**DIRECTIONS**
Only one stretch of the records below is wanted: the lines from the one holding "Ingredients: red yeast" through the one holding "التطريز: يحتوي على". Return it exactly, both ends included.
+++ RECORDS FOR THE TASK +++
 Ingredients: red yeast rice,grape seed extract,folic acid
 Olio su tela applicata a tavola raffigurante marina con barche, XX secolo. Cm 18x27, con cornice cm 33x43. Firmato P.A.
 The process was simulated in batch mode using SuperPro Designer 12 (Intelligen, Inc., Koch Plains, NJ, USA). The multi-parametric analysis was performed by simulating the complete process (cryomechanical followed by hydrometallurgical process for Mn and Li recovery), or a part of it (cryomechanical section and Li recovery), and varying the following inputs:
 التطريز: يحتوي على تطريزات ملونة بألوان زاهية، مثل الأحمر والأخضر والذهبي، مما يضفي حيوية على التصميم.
+++
+++ RECORDS FOR THE TASK +++
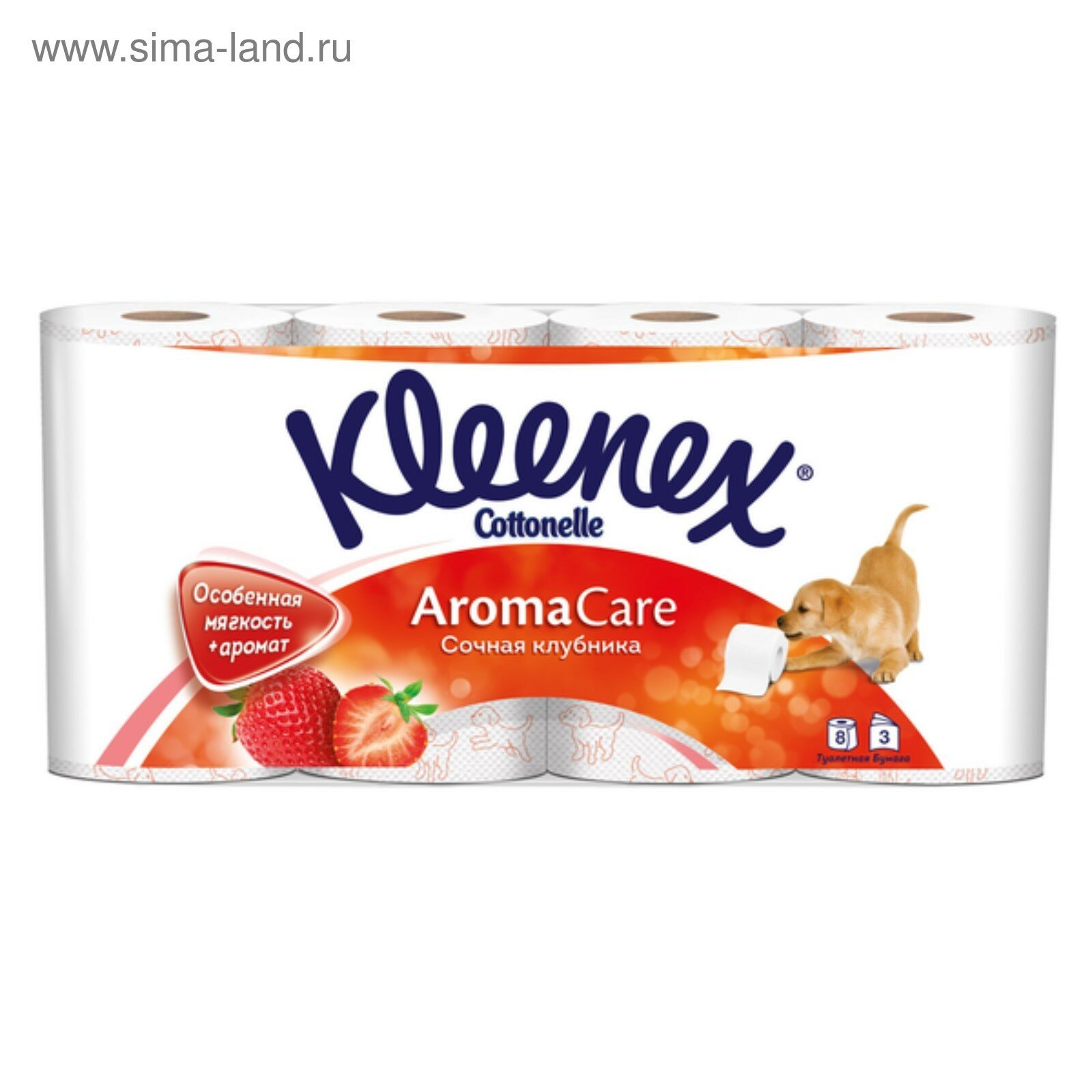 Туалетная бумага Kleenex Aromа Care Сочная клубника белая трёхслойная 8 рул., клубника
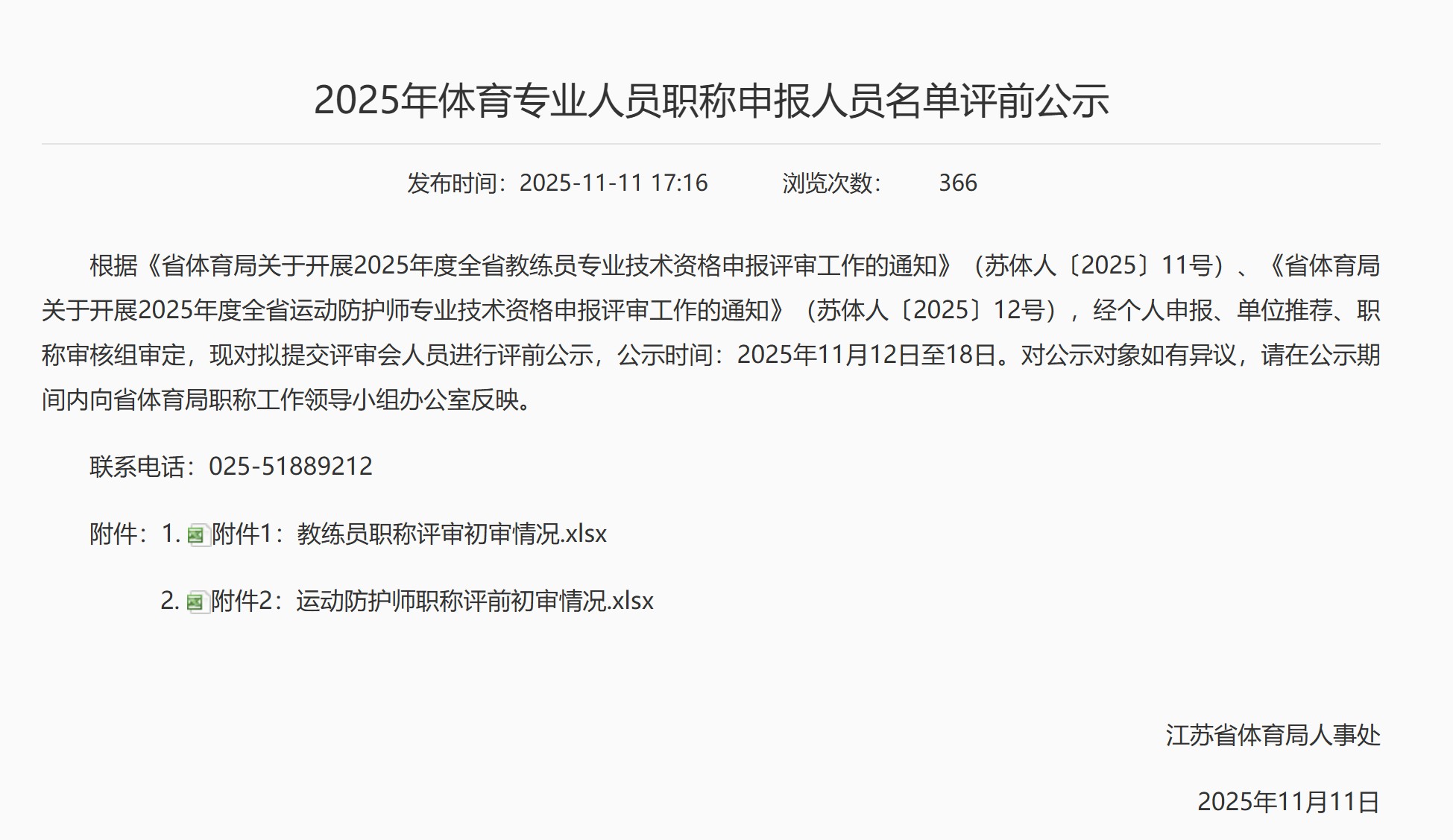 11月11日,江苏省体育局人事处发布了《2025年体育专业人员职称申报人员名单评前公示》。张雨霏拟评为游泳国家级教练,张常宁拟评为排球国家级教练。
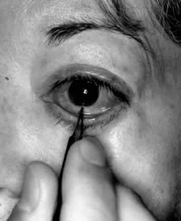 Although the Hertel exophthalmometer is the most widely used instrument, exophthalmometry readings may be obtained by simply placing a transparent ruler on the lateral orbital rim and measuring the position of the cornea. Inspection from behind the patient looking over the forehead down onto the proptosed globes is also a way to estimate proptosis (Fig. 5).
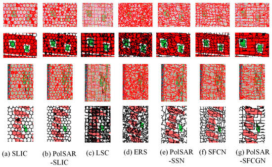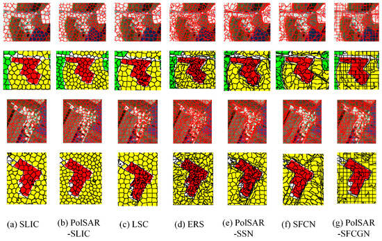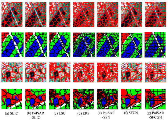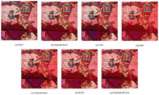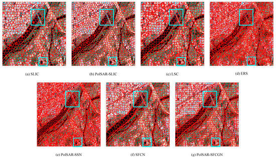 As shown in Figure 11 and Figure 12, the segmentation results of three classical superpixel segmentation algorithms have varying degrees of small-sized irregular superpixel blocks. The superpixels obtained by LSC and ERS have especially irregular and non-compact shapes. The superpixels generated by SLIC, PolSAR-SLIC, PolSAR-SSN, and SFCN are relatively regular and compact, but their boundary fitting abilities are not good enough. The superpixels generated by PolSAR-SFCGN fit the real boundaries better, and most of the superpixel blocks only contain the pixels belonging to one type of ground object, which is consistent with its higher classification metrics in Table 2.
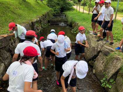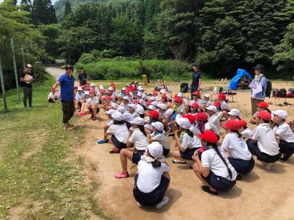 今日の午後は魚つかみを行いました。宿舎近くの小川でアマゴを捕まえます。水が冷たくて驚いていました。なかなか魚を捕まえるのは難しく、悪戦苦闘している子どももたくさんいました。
+++
**THE COMPLETED TASK**
 Ingredients: red yeast rice,grape seed extract,folic acid
 Olio su tela applicata a tavola raffigurante marina con barche, XX secolo. Cm 18x27, con cornice cm 33x43. Firmato P.A.
 The process was simulated in batch mode using SuperPro Designer 12 (Intelligen, Inc., Koch Plains, NJ, USA). The multi-parametric analysis was performed by simulating the complete process (cryomechanical followed by hydrometallurgical process for Mn and Li recovery), or a part of it (cryomechanical section and Li recovery), and varying the following inputs:
 التطريز: يحتوي على تطريزات ملونة بألوان زاهية، مثل الأحمر والأخضر والذهبي، مما يضفي حيوية على التصميم.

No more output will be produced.